Люсин прочел его два раза, облизал губы, потом, забывшись, достал злополучную трубку и принялся упорно грызть мундштук. Прочел стихотворение в обратном порядке, вздохнул и сказал:
– Все ясно, дамы и господа, а также дорогие товарищи… Более или менее ясно. В этом смысле, конечно…
Сунув фотографии в пакет, он все уложил в папку и опять полез в чемодан. Извлек оттуда коробочку с перстнем и переложил ее в папку. Некоторое время молча сидел в кресле с весьма озабоченным видом, но вдруг, точно на него снизошло откровение, вскочил и кинулся в ванную.
Все с вялым интересом следили за тем, что будет. Из ванной Люсин вернулся со стаканом для полоскания, который он бережно нес на собственном носовом платке. Поставив стакан на стол и осторожно вытянув из-под него платок, Люсин стрельнул глазами по комнате и подхватил стакан для питья и крышку графина. Все эти нехитрые изделия Гусь-Хрустального завода он уложил в коробки с ватой, которые извлек из портфеля.

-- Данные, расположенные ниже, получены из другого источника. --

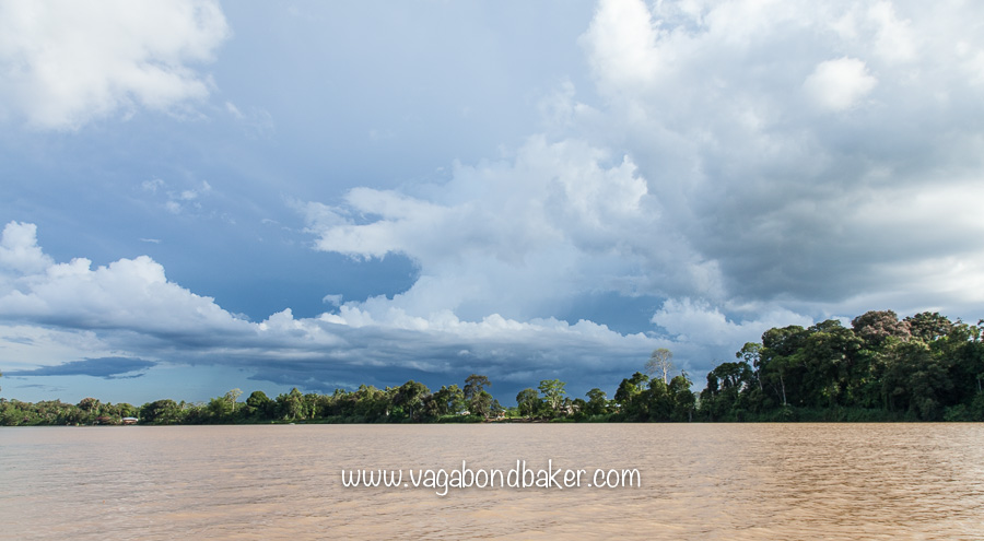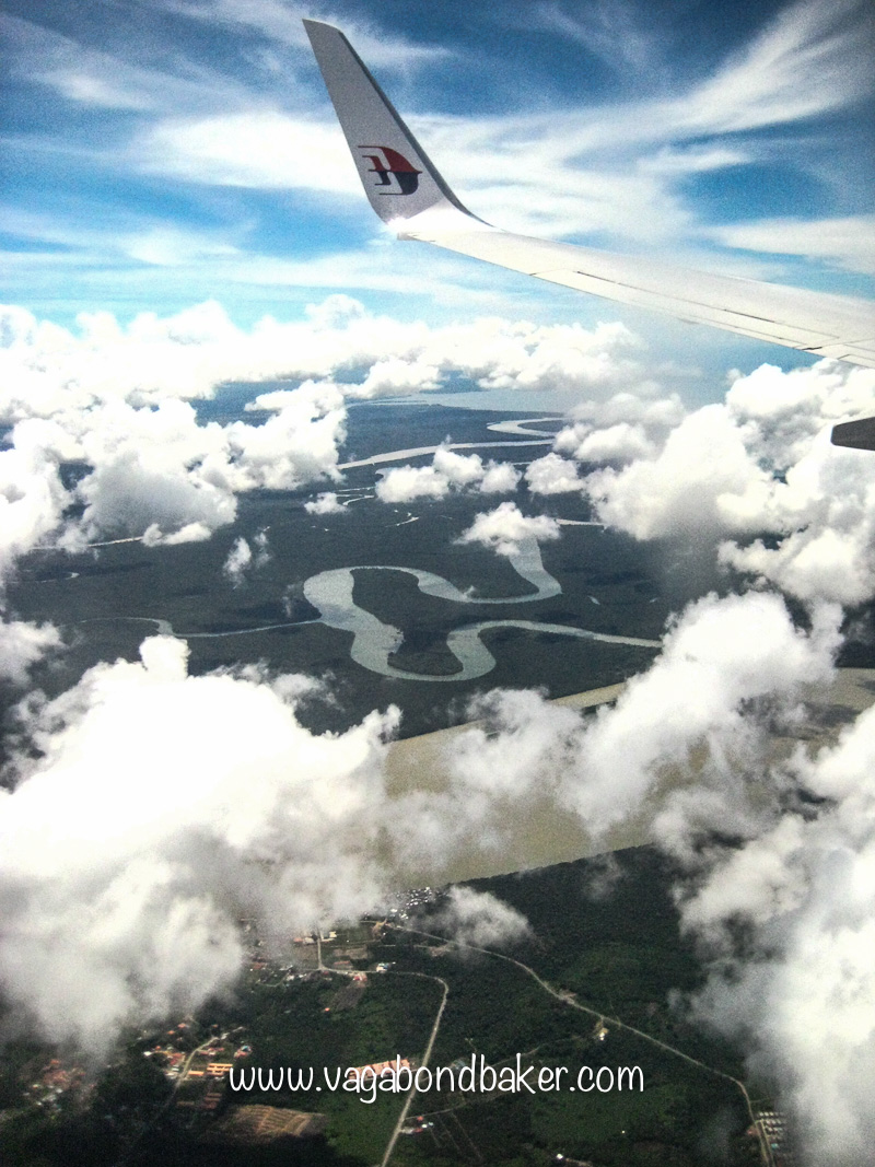 To get to Kinabatangan we flew from Kuching, Sarawak to Sandakan, Sabah via Kota Kinabalu, the flight took us over what I assume to be the forested floodplain, a snaking river appeared through the clouds.

Эта работа далась ему, по-видимому, не так-то легко – затылок его побагровел, а розово-лиловые пятна на носу обозначились ярче. Уложив коробки в портфель, Люсин употребил платок по назначению. Покашлял в него и отер себе лоб и затылок.
– Эту папку я забираю до конца расследования, – сказал он чиновнику. – А остальные вещички можно сдать пока в камеру хранения. Давайте составим опись.
Изнывавший от скуки чиновник на секунду оживился и робко спросил:
– Может, перепишем одну только папку? Ведь остальные вещи будут в камере хранения.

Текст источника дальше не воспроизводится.